When Should I Replace My Glucose Meter?
David T. Ahn, MD, responds
The best glucose monitor is the one that you actually put to use—whether you’ve had it for six months or six years. It’s better to use an older meter on a regular basis than to keep a state-of-the-art meter on a shelf collecting dust.
What To Know
Due to annual changes in health insurance plans, the cost of testing supplies for the exact same meter can vary dramatically from one year to another. If the cost of your supplies means you’re not checking your blood glucose as often as necessary, it’s time to look around for more affordable options.
First, make sure you know the brand of glucose meter strips with the lowest copay under your insurance plan. Paying attention to test strip cost is important because that’s where the bulk of the cost of blood glucose testing comes from. If your copay or co-insurance cost is high, consider other glucose meters that use low-priced test strips. Note that some store-brand meter systems might be cheaper per month without a prescription than what you would pay for prescribed strips your insurance carrier prefers. If test strip cost isn’t an issue, ask your doctor about any free meters available from the office.
There’s more to meters than just measuring glucose. Improvements over the years have focused on saving time and easing the burden of daily diabetes management.

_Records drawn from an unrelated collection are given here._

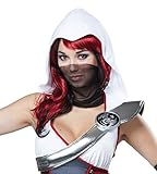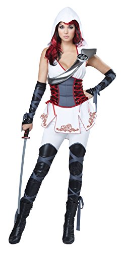I always get my target. The sexy ninja in white costume features a hooded tunic top with an attached corset styled piece. It comes included with a pair of two toned pants with attached wrap ties, a pair of arm wraps with attached ties, a shoulder guard piece and a sheer mask. Shoes and sword not included.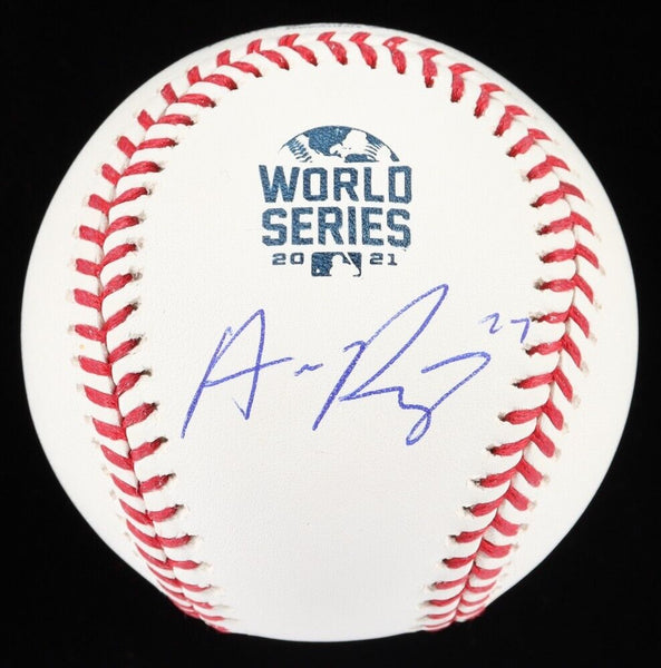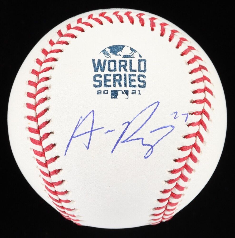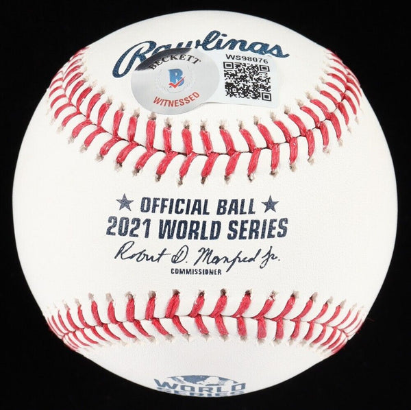 Rawlings Official 2021 World Series Logo Baseball. Hand-signed by Austin Riley (Atlanta Braves).The lot / autograph(s) includes an official Beckett Authentication hologram for authenticity purposes. The signing of this item was witnessed by Beckett.Authentication: Beckett Hologram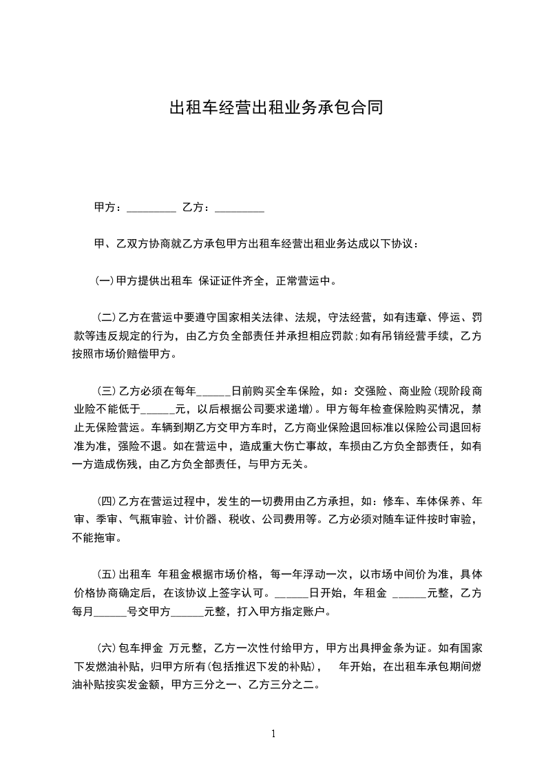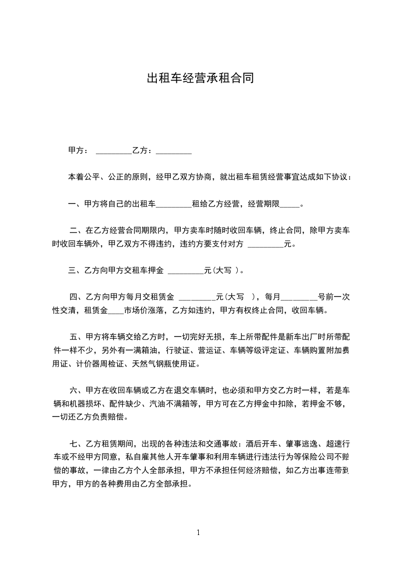 本着公平、公正的原则,经甲乙双方协商,就出租车租赁经营事宜达成如下协议: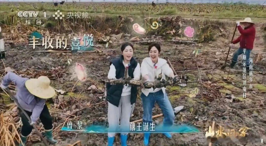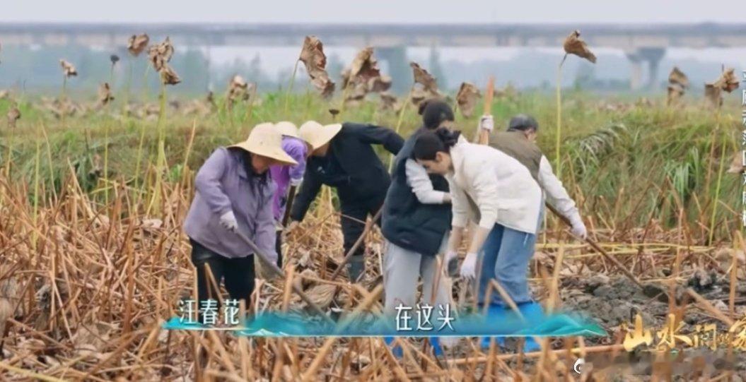 曾黎挖出了一米长完整的藕《山水间的家》的田间藏着小惊喜!曾黎和伙伴埋头挖藕,意外挖出一根一米长的完整莲藕。她举着藕兴奋喊出“从头到尾都完整”,眼里满是雀跃,泥土气息混着爽朗笑声,这份劳作的快乐,让人忍不住跟着开心。
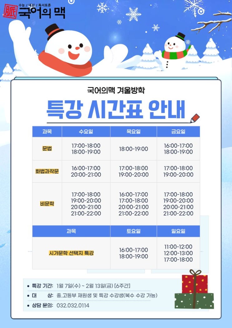 [국어의맥]겨울방학 특강 26년 1월 7일(수) 시작합니다!!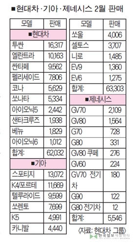 이는 역대 2월 판매량으로는 최고라고 회사 측은 전했다. 이로써 현대차는 전년 같은 기간 대비 월간 최고 판매 연속 기록을 5개월로 늘렸다.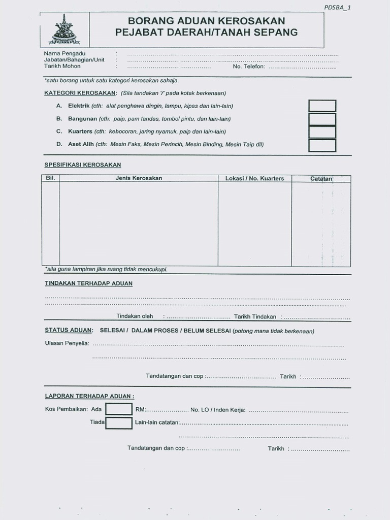 Borang aduan kerosakan mesin. Academia edu is a platform for academics to share research papers. Sumbangan penjaga kos penyenggaraan. Borang aduan kerosakan aset alih kerajaan bahagian 1 untuk diisi oleh pegawai aset jenis aset. Kos penyelenggaraan terdahulu jika ada.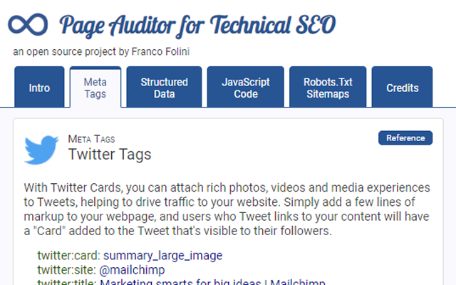 This tool looks at all Meta Tags on the head section of the page and groups them by category. The Meta Tags Report provides a detailed description of each meta tag type and links to technical documentation.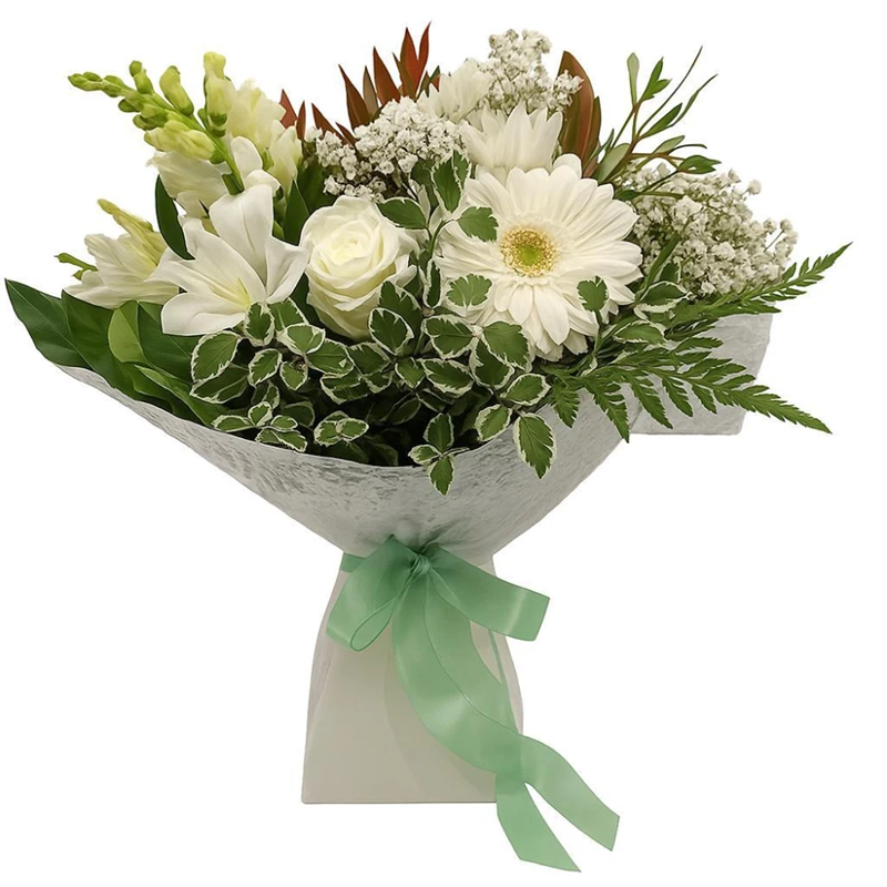 Stunning hand tied bouquet of seasonal flowers in shades of whites and creams suitable for any occasion. This design is very popular for sympathy and funerals. Seasonal flowers will vary but will always be in these colours, fresh and beautiful, with suitable foliage to frame and enhance. Flowers can include roses, lilies, gerberas, stock, snapdragons, chrysanthemums, dahlias, or other lovely blooms. Presented and delivered in a box, with no need for a vase! Box designs and colours may vary.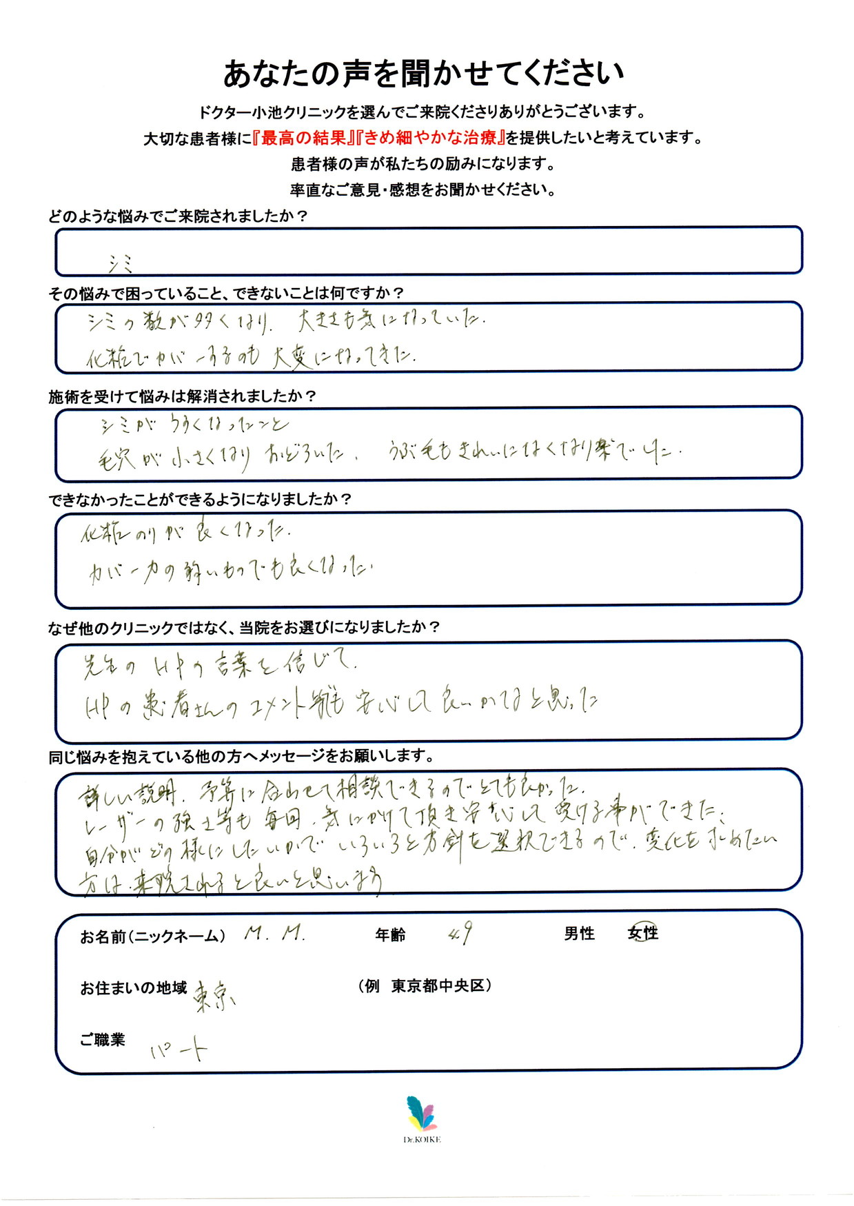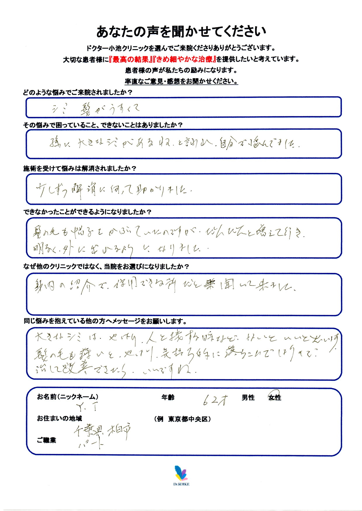 孫に大きなシミがあるね、と言われ、自分で悩んでました。

Generally, newer meters provide readings more quickly, require less blood, and don’t require coding each time you open a new vial of test strips.
In addition, newer glucose meters allow people to transmit their readings wirelessly to smartphone apps and share their diabetes data with their support network. These apps also help users see and better understand trends, such as glucose levels before or after a meal or during exercise.
Find Out More
The accuracy and reliability of your meter is a big deal. Unfortunately, there is no agreement about which meter is the most accurate, and accuracy of test strips can vary from batch to batch. It’s generally accepted that most products put on the market by established meter companies in the last five years are fairly trustworthy.
Individual meters can go bad over time. If you have concerns about the accuracy of your meter, consider getting a new one. Check that your meter is working with its strips by using the meter’s control solution (your pharmacist can order the solution). Run a test with the solution as you would your blood and check that the reading is in line with the known glucose concentration of the solution; check your meter user’s guide for specific instructions. If you need help, ask your provider.
It may be time to replace or upgrade your meter to a newer model if it’s older than five years and you can get one with a lower monthly cost, increased accuracy, and with features such as a smartphone app. Keep in mind, however, that using your meter—old or new—is more important than the brand or model you own.
David T. Ahn, MD, is an endocrinologist with the University of California–Los Angeles Medical Center.